Tuesday, June 26, 2007

Exploring the Cheney Vault, Continued...

Highlights from today's Washington Post story on the Cheney Vice-Presidency:


"Cheney has changed history more than once, earning his reputation as the nation's most powerful vice president. His impact has been on public display in the arenas of foreign policy and homeland security, and in a long-running battle to broaden presidential authority. But he has also been the unseen hand behind some of the president's major domestic initiatives."


"The president is 'the decider,' as Bush puts it, but the vice president often serves up his menu of choices."


"'Dick's major concern, one of them was, and I agree, that there needs to be a greater and more effective role for the vice president,' Marsh, a longtime Cheney friend, said in an interview. 'He holds the view, as do I, that the vice president should be the chief of staff in effect, that everything should run through his office.'"

"In Bush, Cheney found the perfect partner. The president's willingness to delegate left plenty of room for his more detail-oriented vice president."


"Cheney's influence is manifested not just in crisis but also through his extraordinary involvement in the daily machinery of the White House."


"It is well known that Cheney is usually the last to speak to the president before Bush makes a decision. Less so is his role, to a degree unmatched by his predecessors, in steering debate by weighing in at the lower-level meetings where proposals are born and die."


"Perhaps more important than Cheney's influence in pushing policies is his power to stop them before they reach the Oval Office."



There can be no doubt now as to the immense influence this Vice-President carries within the W administration. His fingers are in most of the policy pies cooked up in the White House, and it is no wonder that each one fed to the American public has a rather odd taste...


What I take issue with, however, is not the fact that he wields this much power. In my opinion the VP post has always been under-utilized - you just basically wait for the top guy to keel over - and I see no problem with the person in this position trying to accomplish the policy goals of his president in a more forceful manner (they were, after all, on the same ticket!).

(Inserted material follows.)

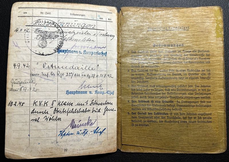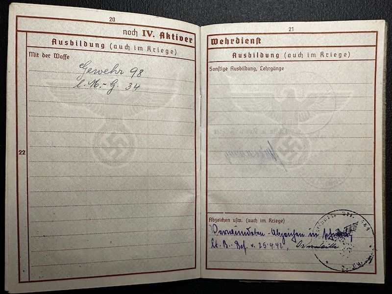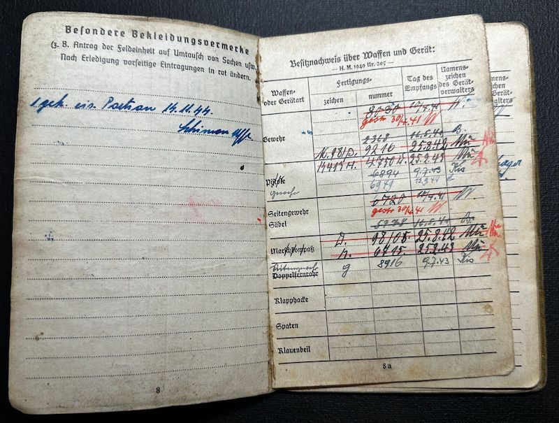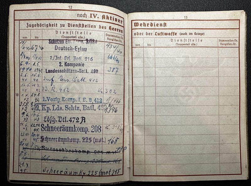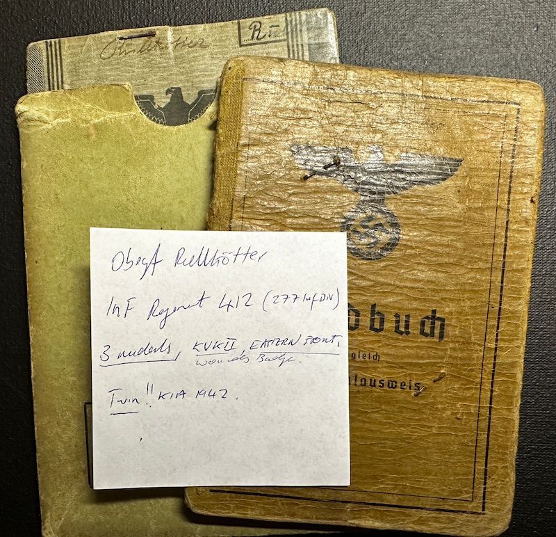WWII German Army Wehrmacht Soldbuch / Wehrpass – Obgef Rullkötter – Twin Brother KIA – Infanterie Regiment 412 – Wounded near Leningrad – Schneeraum 225

What really disturbs me is the VP's utter contempt for the other branches of government and disdain for accountability. The VP's argument that his office is not part of the executive branch because he is the president of the Senate - and is therefore not required to disclose his handling of classified information as directed by the president - is a semantic stretch that would have raised many an eyebrow at the Constitutional Convention in Philadelphia some 200 odd years ago. It is an audacious claim whose only purpose is to circumvent accountability. It would appear that this VP office would especially need some form of accountability and oversight, given their notorious and conspicuous bouts of classified information leaking (see Scooter Libby).

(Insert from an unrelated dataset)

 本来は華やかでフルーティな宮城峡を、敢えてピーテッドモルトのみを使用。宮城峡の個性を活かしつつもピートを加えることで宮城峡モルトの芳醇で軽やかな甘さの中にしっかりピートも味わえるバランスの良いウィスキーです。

It all comes down to this: The founders crafted the Constitution and our government with specific safeguards against the abusive use of power. In other words, they made three co-equal branches of government that would be able to check and balance each other. And put in even another way, no single branch can act without being responsible for its actions: ACCOUNTABILITY! Tyranny is born from unchecked power, and the Founding Fathers, having dealt with tyranny first-hand, knew the dangers of an unaccountable government.

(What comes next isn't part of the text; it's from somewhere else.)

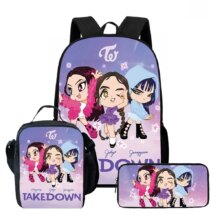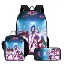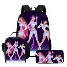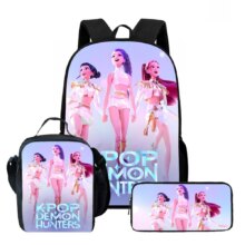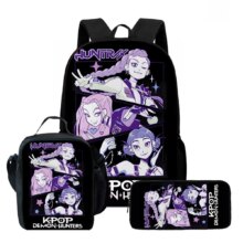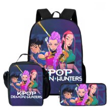 3Pcs/Set Kawaii Anime KPop Demon Hunters Nylon School Bag: This 3Pcs/Set Kawaii Anime KPop Demon Hunters Nylon School Bag is perfect for students who love cute aesthetic style with a touch of anime flair. Made from durable nylon, the set includes a spacious backpack (11×30×40cm), a handy lunch bag (8×19×25cm), and a compact pencil case (4×22×9cm). Lightweight and functional, it keeps school essentials organized while showcasing adorable KPop-inspired demon hunter graphics—ideal for daily school use or gifting.

Vice-President Dick Cheney appears to be under the impression that he does not need to be held accountable for his actions. He has the freedom to push his agenda without any consequences. And even if you agree that he is not accountable because his office is not technically part of the executive branch, he has to be accountable somehow!!! If not the executive, then the legislative or even the judicial!! And if under neither, he is then a rogue entity within our government.


This VP has seriously undermined two hundred years of checks and balances on government power, and I shutter to think what lies at the end of this path if it is not properly and forcefully addressed.